How to make big data part of a long-term digital transformation plan

Big data and analytics go hand-in-hand with digital transformation initiatives, but consulting and services firm HCL Technologies recently found that many companies are not as far along with digital transformation efforts as they hoped.
Anand Birje, corporate vice president and head of HCL’s digital and analytics practice, believes that other factors are also contributing to the digital transformation challenge.
“Over the past four or five years, enterprises were pushed hard to do anything in the field of analytics, big data and digital transformation,” said Birje. “They were being pushed because there was this fear about what their competitors might be doing, so there was this feeling that they had to do something digital.”

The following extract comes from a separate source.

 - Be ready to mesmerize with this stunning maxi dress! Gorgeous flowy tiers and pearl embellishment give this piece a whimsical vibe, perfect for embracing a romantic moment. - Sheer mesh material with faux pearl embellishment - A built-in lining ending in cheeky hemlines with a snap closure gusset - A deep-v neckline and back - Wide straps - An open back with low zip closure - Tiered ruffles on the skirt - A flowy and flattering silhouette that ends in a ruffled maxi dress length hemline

The result was an avalanche of small proof of concept (POC) projects throughout organizations that were driven by the C-suite. “Organizations literally became ‘proof of concept labs,'” said Birje. “There were pockets of POCs all over the enterprise that included digital technologies, analytics, structured and unstructured data—and that changed everything from business processes to customer engagement. There were data science centers, innovation centers and experimental POCs where no one was certain whether they would prove out.”

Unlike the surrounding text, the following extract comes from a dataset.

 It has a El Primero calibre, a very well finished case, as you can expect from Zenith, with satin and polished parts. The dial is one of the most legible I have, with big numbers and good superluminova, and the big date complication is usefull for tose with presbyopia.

What was lacking, according to Birje, was board-level knowledge about the different digital projects—and expectations for the business value these projects would deliver.
Organizations weren’t necessarily wrong in pursuing big data, analytics and digital transformation as a series of proof of concept projects, and there are still many recommendations that they should. However, many companies got so deeply engaged in new technologies and projects that they forgot the ultimate business values they were seeking.
“This is to be expected when organizations are experimenting with new technologies where they have little experience,” said Birje. “But what is different now is that a lot of this early experimentation is behind most companies. Now they are entering a natural maturity phase with big data, analytics and digital transformation where they must look at what they do much more strategically.